══ Records to process ══

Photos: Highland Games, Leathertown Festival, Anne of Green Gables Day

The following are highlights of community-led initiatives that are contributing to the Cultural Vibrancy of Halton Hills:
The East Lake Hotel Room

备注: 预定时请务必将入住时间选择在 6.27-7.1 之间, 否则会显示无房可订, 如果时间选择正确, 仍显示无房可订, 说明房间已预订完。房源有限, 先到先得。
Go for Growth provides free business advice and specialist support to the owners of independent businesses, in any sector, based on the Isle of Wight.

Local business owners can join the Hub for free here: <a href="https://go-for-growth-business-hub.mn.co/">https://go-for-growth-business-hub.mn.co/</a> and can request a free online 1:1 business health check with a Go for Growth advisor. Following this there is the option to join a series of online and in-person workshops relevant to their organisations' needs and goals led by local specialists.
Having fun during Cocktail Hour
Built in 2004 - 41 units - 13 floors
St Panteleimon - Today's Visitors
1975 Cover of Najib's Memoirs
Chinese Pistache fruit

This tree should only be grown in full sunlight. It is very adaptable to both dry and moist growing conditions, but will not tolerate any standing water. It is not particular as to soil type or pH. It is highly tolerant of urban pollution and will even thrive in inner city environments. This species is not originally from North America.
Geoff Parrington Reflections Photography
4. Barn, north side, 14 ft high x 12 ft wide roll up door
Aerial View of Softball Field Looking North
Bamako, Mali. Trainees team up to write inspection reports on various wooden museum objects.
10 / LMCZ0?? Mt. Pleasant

═══
══ Records to process ══

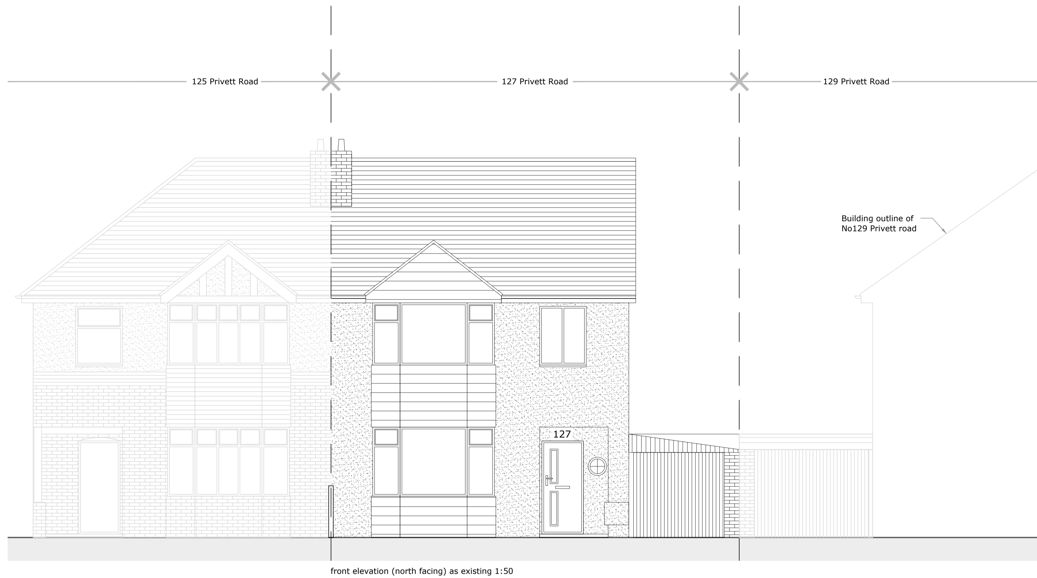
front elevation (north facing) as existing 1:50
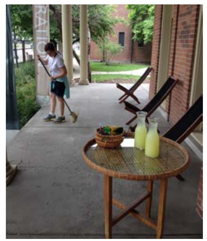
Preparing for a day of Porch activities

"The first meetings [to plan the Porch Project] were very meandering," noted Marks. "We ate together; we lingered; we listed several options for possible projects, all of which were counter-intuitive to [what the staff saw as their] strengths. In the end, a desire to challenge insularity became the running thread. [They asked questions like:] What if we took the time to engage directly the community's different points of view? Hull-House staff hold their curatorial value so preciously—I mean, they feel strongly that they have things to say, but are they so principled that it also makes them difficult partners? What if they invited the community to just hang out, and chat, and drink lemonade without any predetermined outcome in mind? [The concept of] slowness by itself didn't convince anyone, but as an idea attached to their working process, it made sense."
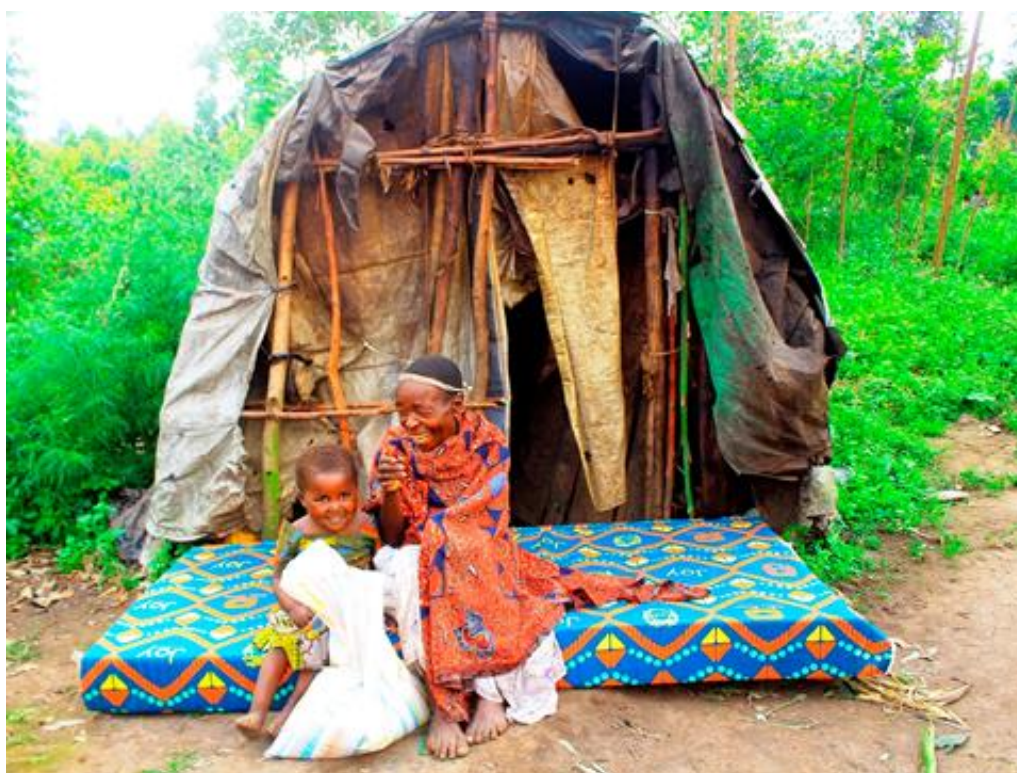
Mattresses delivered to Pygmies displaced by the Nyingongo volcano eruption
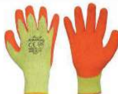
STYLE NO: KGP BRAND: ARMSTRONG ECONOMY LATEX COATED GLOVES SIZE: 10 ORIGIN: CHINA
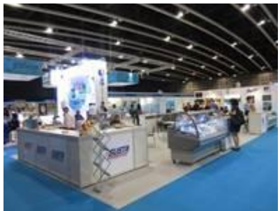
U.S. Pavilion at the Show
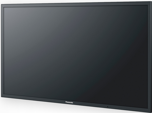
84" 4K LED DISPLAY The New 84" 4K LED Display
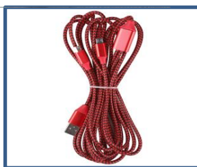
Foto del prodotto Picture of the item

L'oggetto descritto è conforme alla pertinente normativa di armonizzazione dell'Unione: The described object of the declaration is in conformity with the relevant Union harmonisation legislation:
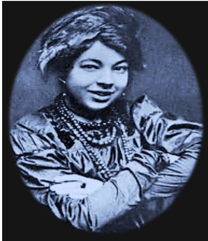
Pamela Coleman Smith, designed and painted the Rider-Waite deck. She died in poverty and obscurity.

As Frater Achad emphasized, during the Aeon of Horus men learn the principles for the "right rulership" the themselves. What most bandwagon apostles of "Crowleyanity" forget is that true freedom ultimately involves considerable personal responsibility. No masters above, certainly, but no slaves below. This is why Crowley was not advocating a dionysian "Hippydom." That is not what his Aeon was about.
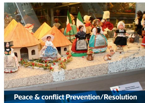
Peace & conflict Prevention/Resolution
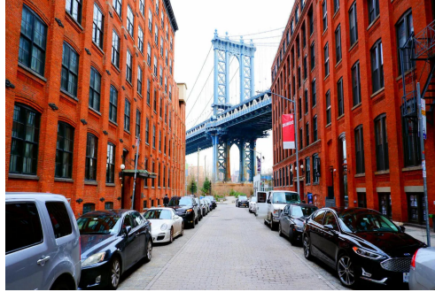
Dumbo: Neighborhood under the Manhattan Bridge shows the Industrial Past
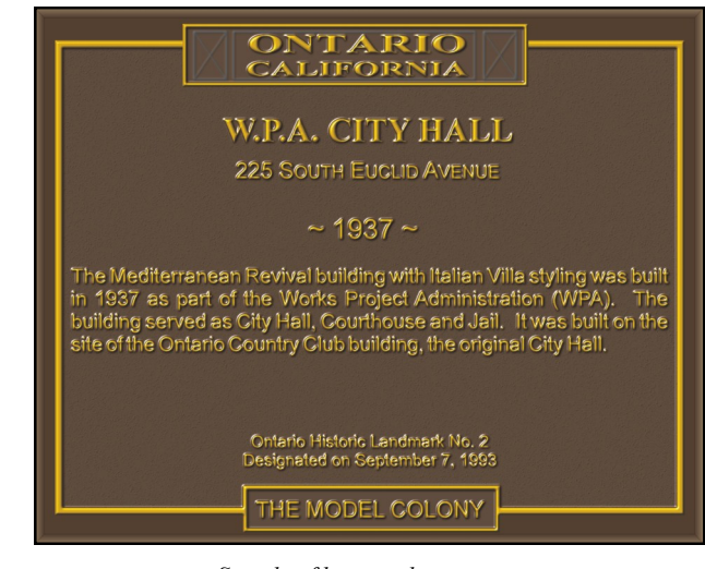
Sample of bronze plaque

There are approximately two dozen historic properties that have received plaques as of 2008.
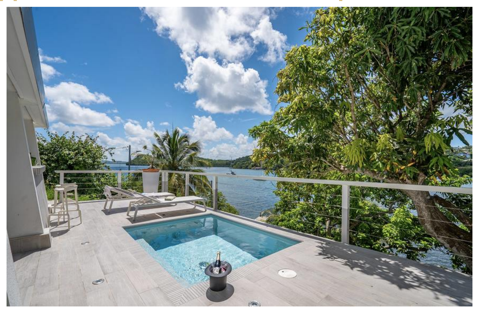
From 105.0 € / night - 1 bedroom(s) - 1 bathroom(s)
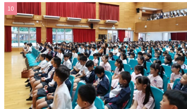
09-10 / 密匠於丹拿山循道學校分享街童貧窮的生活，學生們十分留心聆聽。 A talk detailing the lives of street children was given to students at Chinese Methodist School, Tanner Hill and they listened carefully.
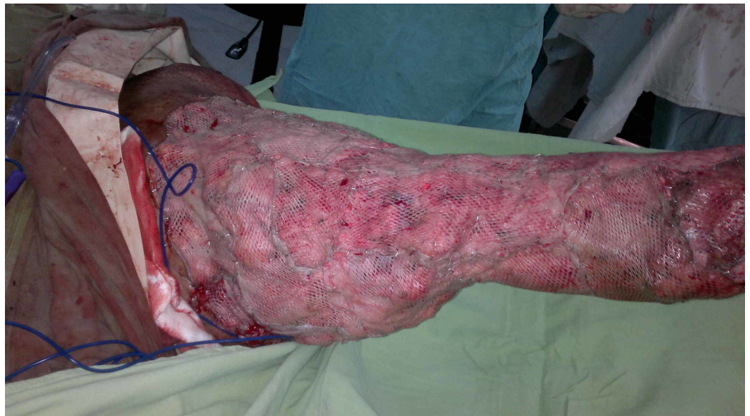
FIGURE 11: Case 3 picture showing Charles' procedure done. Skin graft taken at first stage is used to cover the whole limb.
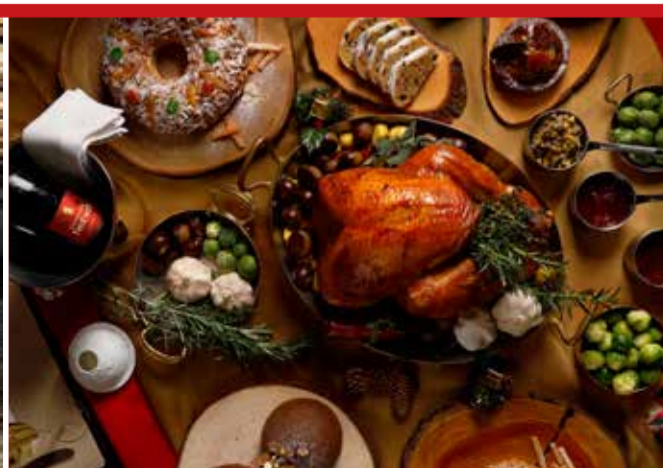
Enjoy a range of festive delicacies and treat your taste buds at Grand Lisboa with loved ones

═══
══ Records to process ══

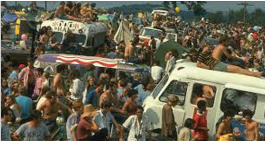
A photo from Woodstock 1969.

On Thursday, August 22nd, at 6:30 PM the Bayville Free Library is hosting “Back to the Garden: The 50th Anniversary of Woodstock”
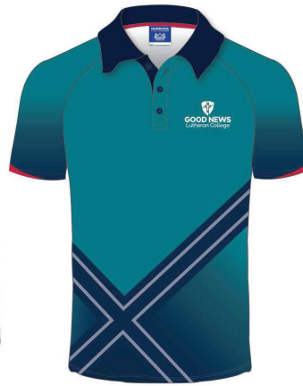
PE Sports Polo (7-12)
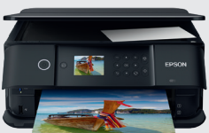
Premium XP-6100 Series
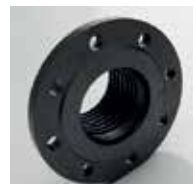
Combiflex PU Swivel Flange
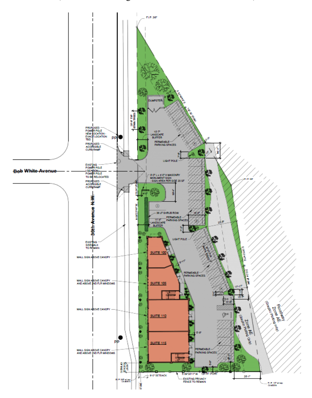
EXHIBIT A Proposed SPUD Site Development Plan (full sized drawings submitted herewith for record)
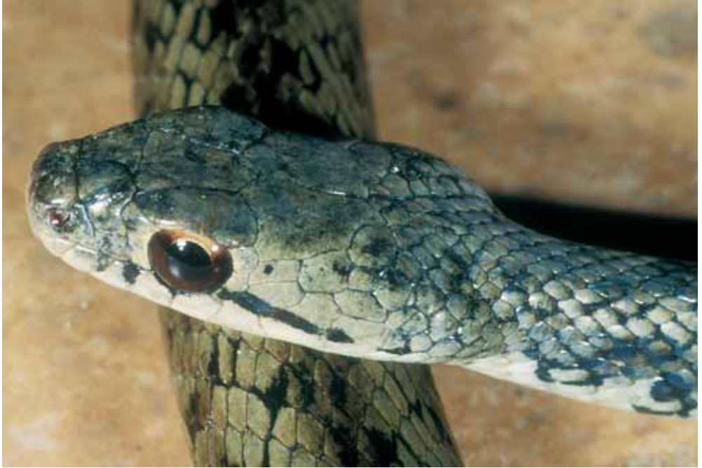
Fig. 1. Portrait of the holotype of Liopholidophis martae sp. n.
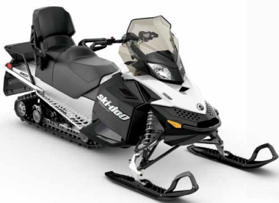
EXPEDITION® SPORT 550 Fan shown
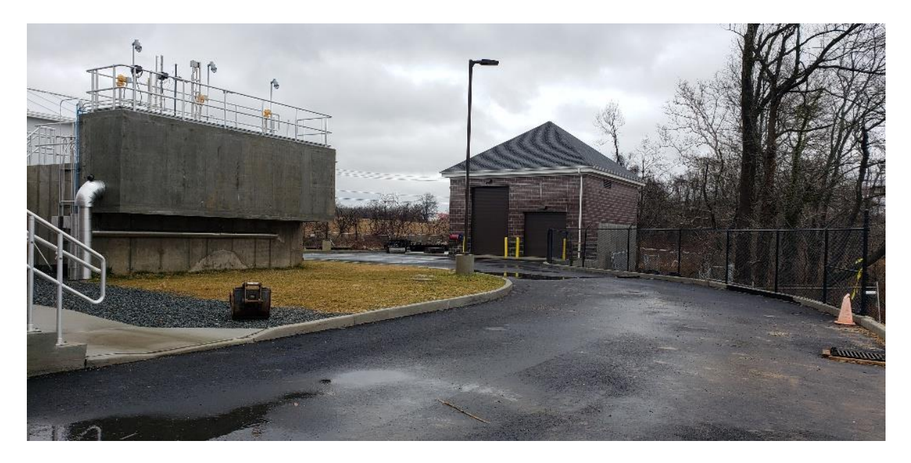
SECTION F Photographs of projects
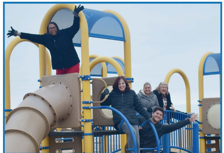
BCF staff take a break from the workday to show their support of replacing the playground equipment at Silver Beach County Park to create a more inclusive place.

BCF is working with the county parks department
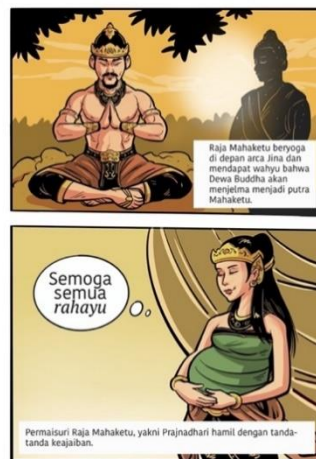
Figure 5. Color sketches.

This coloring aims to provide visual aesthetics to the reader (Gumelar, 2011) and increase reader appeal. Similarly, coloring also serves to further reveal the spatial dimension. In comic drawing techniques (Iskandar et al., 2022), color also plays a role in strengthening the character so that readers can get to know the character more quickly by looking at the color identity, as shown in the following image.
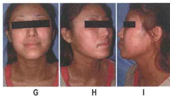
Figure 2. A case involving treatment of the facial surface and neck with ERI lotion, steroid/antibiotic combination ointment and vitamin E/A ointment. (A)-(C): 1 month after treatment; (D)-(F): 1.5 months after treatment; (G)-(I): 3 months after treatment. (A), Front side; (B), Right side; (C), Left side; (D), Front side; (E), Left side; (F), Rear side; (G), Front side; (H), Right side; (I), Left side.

═══

• [Action item] Reproduce the listing above exactly from the line containing "From 105.0 €" up to and including the line containing "09-10 / 密匠於丹拿山循道學校分享街童貧窮的生活，學生們十分留心聆聽。", omitting any images and everything outside those lines.

• [Answer for this exercise]
From 105.0 € / night - 1 bedroom(s) - 1 bathroom(s)
09-10 / 密匠於丹拿山循道學校分享街童貧窮的生活，學生們十分留心聆聽。 A talk detailing the lives of street children was given to students at Chinese Methodist School, Tanner Hill and they listened carefully.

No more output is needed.